William Dix, who died in 1898, wrote the words to “What Child Is This?”, which was set to the familiar English folk song, “Greensleeves,” and you know how that “What Child Is This?” ends – “so bring him incense, gold, myrrh, come peasant, king to own him, the kind of kings salvation brings, let loving hearts enthrone him.”  That’s worship; that’s worship.

Charles Wesley wrote 6,000 hymns.  Maybe the best, you heard played this morning: “Hark, the Herald Angels Sing.”  The last verse, “hail the heaven born prince of peace.  Hail the son of righteousness.”  That means worship.  “Light and life to all he brings, risen with healing in his wings.  Mild he lays his glory by” - that’s the Incarnation – “born that man no more may die, born to raise the sons of earth.  Born to give them second birth; hark, the herald angels sing, glory to the newborn king.” That’s worship.

One of my favorite poets of the nineteenth century is Christina Rossetti, who lived from 1830 to 1894.  Christina was the daughter of Italian immigrants.  A woman of great beauty it is said.

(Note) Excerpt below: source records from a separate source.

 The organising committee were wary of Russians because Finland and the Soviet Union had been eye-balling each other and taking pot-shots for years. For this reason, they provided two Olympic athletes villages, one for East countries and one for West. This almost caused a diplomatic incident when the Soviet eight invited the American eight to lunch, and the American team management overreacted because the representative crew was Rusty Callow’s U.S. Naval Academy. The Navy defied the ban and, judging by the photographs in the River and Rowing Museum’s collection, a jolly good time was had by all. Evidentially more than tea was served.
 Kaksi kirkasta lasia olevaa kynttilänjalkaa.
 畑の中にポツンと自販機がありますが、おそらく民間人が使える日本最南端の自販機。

Striking beauty.  A woman of immense poetic talent.  A devout Christian once engaged to a Roman Catholic who promised to convert.  When he had second thoughts, she broke the engagement and remained single all her life.  Through that life, she wrote some of the most magnificent poetry.  All of it a tribute to Christ.  She wrote this poem, and it was set to music twelve years after her death. 

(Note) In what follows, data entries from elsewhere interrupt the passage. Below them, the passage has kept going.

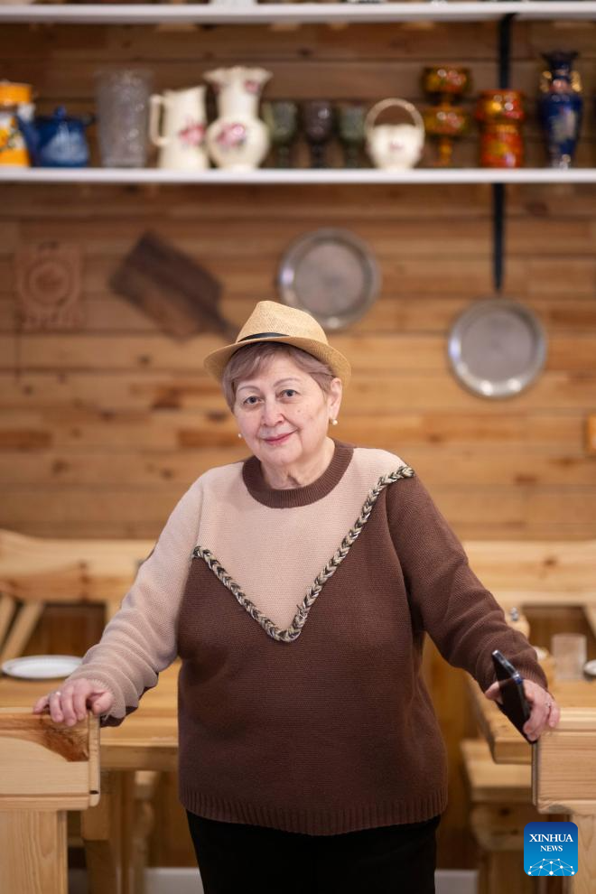 Oganesian Aida poses for a photo at a restaurant in Suifenhe City, northeast China's Heilongjiang Province, Jan. 8, 2026. The 62-year-old Oganesian Aida from Russia settled in Suifenhe two years ago at the invitation of her Chinese friend. (Xinhua/Zhang Tao)
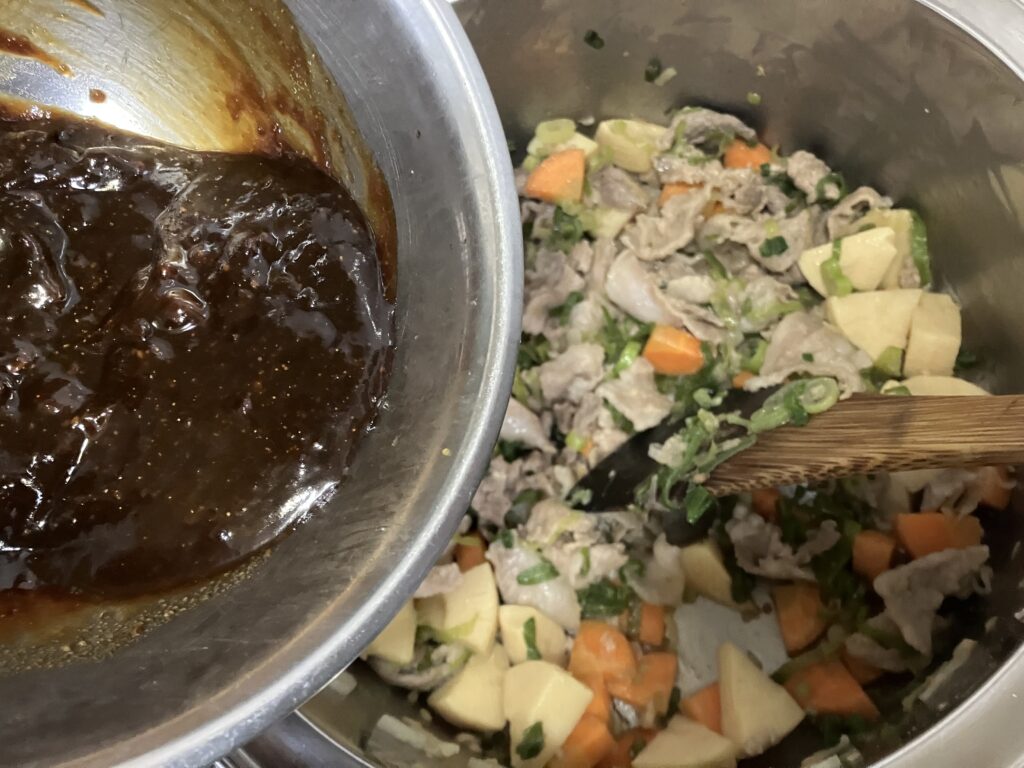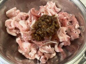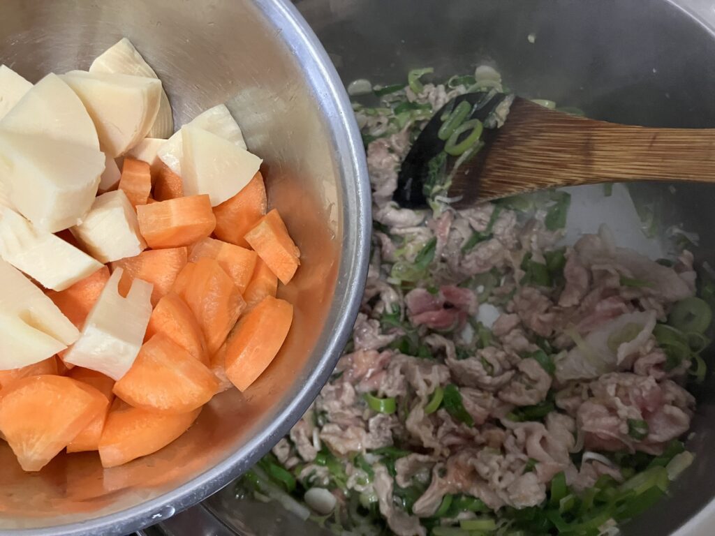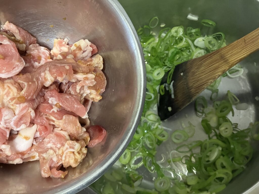 ②にんじんはいちょう切り、ねぎは小口切り、生姜はみじん切りに、豚肉は食べやすい大きさに切って小さじ2の醤油または醤油麹小さじ2を揉みこんでおく。
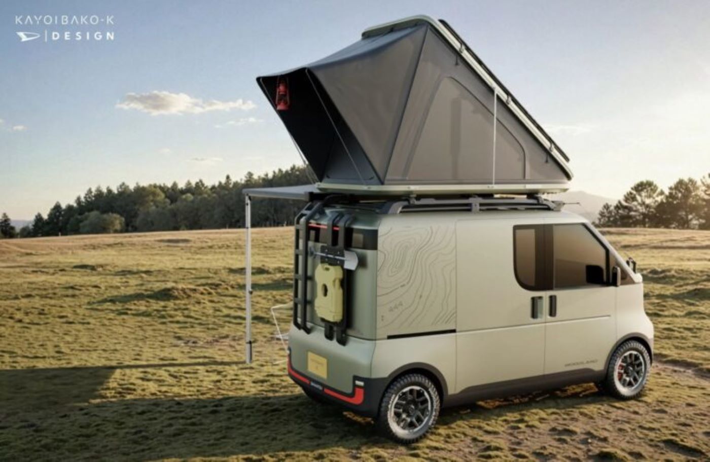 أما نسخة التخييم، فجهّزت بخيمة سقفية قابلة للفتح وسلّم خلفي ومظلّة وطاولة وكراسي متنقلة، إضافةً إلى عجلات مخصصة للطرق الوعرة وشريط إضاءة على السقف، ما يجعلها مثالية لعشاق المغامرات. وتشير تفاصيل التصميم إلى أنها كهربائية بالكامل وقد تمهّد لبديل مستقبلي لطراز أترَي (Atrai) الشهير.

“In the bleak mid-winter, frosty wind made moan.  Earth stood hard as iron, water like a stone.  Snow had fallen snow on snow.  Snow on snow in the bleak midwinter long ago.  Our God, heaven cannot hold him. Nor earth sustain; heaven and earth shall flee away when he comes to reign.  In the bleak midwinter, a stable place sufficed the Lord God all mighty Jesus Christ.  Angels and archangels may have gathered there, cherubim and seraphim thronged the air, but his mother only in her maiden bliss worshiped the beloved with a kiss.”

Then she ends with this great, great stanza: “What can I give him, poor as I am, if were a shepherd I would give him a lamb.  If I were a wiseman, I would do my part.  But what can I give him?  Give my heart.”  That’s worship.  And maybe it was John Francis Wade, who died in 1786, who summed it all up in the simple words, “Oh come, let us adore him.  Oh come, let us adore him.  Oh come, let us adore him, Christ the Lord.”

Father, we thank You for this marvelous reminder of the focus of life, which is worship.  May it come from deep within us, directed toward You, our saving God.  For what You have done for us, what You have done for generation after generation of saved sinners.  And the way in which You have kept every promise to Your people.  We rejoice.  And our rejoice finds its focus in this great historic moment when You came into the world as a baby - thank You.  We praise You.  We offer You our heart worship.  In Your Son’s name, amen.